> Recorded information
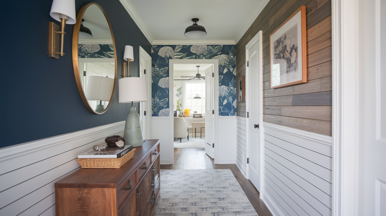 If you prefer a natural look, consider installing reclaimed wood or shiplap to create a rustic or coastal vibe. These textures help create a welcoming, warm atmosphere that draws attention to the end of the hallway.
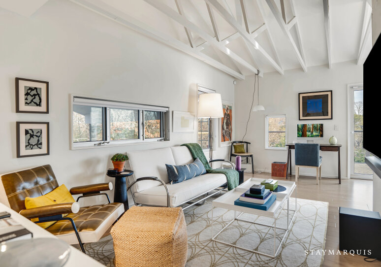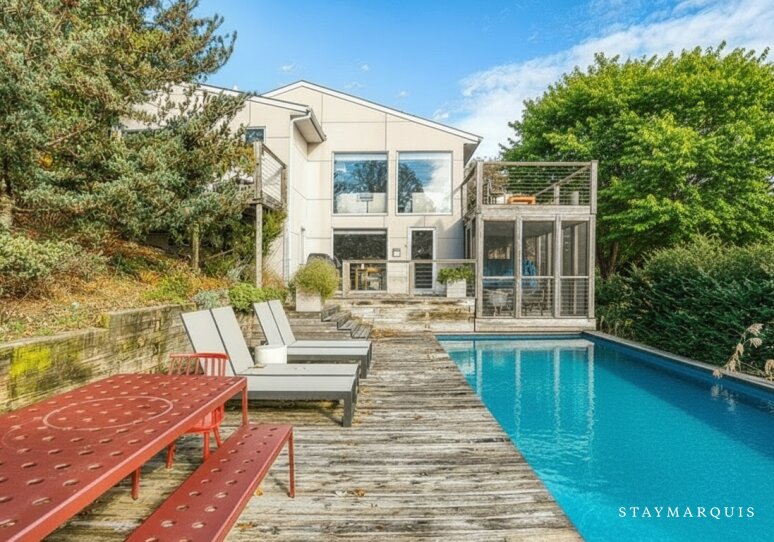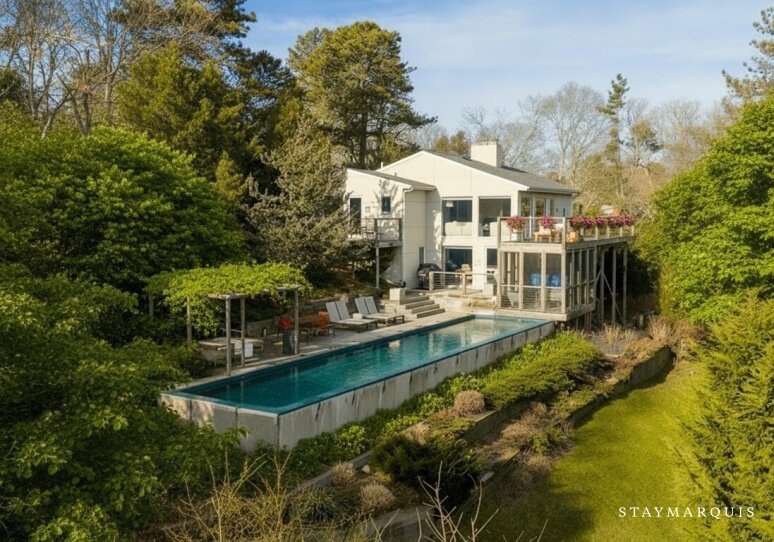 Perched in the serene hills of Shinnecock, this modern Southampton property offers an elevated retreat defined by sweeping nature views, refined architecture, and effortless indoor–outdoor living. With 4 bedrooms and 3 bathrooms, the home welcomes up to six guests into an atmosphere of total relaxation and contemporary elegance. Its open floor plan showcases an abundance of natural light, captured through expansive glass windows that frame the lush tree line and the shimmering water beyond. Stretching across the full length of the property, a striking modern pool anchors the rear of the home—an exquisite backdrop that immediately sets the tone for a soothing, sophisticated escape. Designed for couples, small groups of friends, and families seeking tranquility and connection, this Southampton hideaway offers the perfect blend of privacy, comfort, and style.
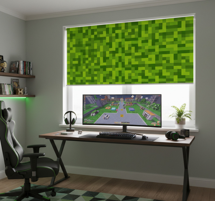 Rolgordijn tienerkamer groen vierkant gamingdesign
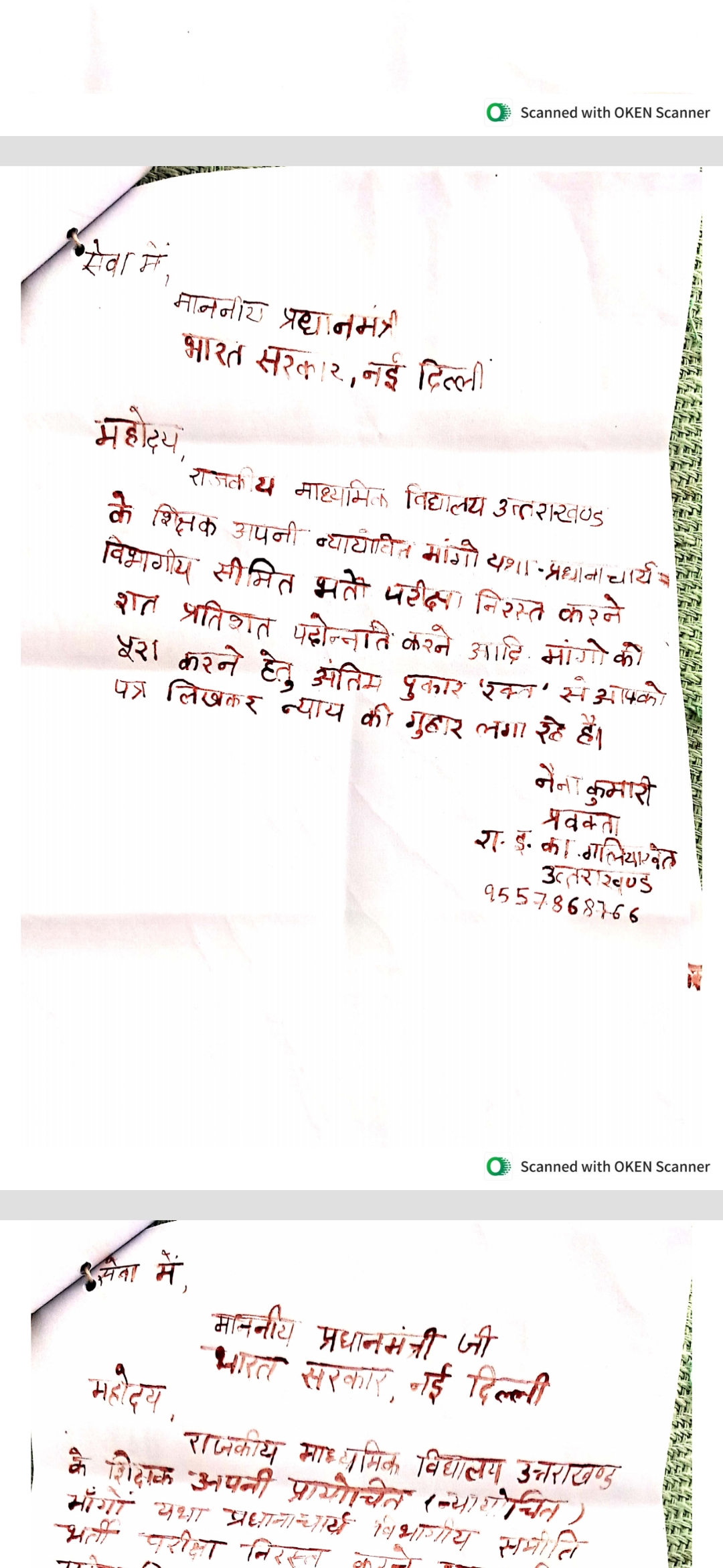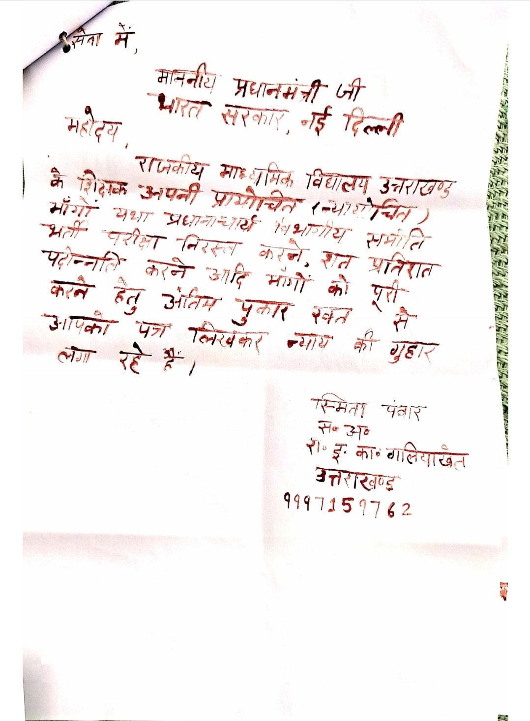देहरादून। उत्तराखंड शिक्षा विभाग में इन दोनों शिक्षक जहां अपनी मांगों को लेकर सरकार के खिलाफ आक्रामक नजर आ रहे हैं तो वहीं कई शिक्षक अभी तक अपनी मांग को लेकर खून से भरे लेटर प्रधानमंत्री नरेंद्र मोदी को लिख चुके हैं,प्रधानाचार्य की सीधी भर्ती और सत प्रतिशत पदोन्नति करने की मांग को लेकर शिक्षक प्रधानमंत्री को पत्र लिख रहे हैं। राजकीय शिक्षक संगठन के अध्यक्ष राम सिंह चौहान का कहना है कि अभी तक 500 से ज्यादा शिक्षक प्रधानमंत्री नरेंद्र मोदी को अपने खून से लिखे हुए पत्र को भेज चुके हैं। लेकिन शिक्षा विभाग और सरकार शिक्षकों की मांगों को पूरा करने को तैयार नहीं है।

> Task statement
Reproduce the full listing above verbatim, with no pictures included.

> Output for this exercise
 If you prefer a natural look, consider installing reclaimed wood or shiplap to create a rustic or coastal vibe. These textures help create a welcoming, warm atmosphere that draws attention to the end of the hallway.
 Perched in the serene hills of Shinnecock, this modern Southampton property offers an elevated retreat defined by sweeping nature views, refined architecture, and effortless indoor–outdoor living. With 4 bedrooms and 3 bathrooms, the home welcomes up to six guests into an atmosphere of total relaxation and contemporary elegance. Its open floor plan showcases an abundance of natural light, captured through expansive glass windows that frame the lush tree line and the shimmering water beyond. Stretching across the full length of the property, a striking modern pool anchors the rear of the home—an exquisite backdrop that immediately sets the tone for a soothing, sophisticated escape. Designed for couples, small groups of friends, and families seeking tranquility and connection, this Southampton hideaway offers the perfect blend of privacy, comfort, and style.
 Rolgordijn tienerkamer groen vierkant gamingdesign
देहरादून। उत्तराखंड शिक्षा विभाग में इन दोनों शिक्षक जहां अपनी मांगों को लेकर सरकार के खिलाफ आक्रामक नजर आ रहे हैं तो वहीं कई शिक्षक अभी तक अपनी मांग को लेकर खून से भरे लेटर प्रधानमंत्री नरेंद्र मोदी को लिख चुके हैं,प्रधानाचार्य की सीधी भर्ती और सत प्रतिशत पदोन्नति करने की मांग को लेकर शिक्षक प्रधानमंत्री को पत्र लिख रहे हैं। राजकीय शिक्षक संगठन के अध्यक्ष राम सिंह चौहान का कहना है कि अभी तक 500 से ज्यादा शिक्षक प्रधानमंत्री नरेंद्र मोदी को अपने खून से लिखे हुए पत्र को भेज चुके हैं। लेकिन शिक्षा विभाग और सरकार शिक्षकों की मांगों को पूरा करने को तैयार नहीं है।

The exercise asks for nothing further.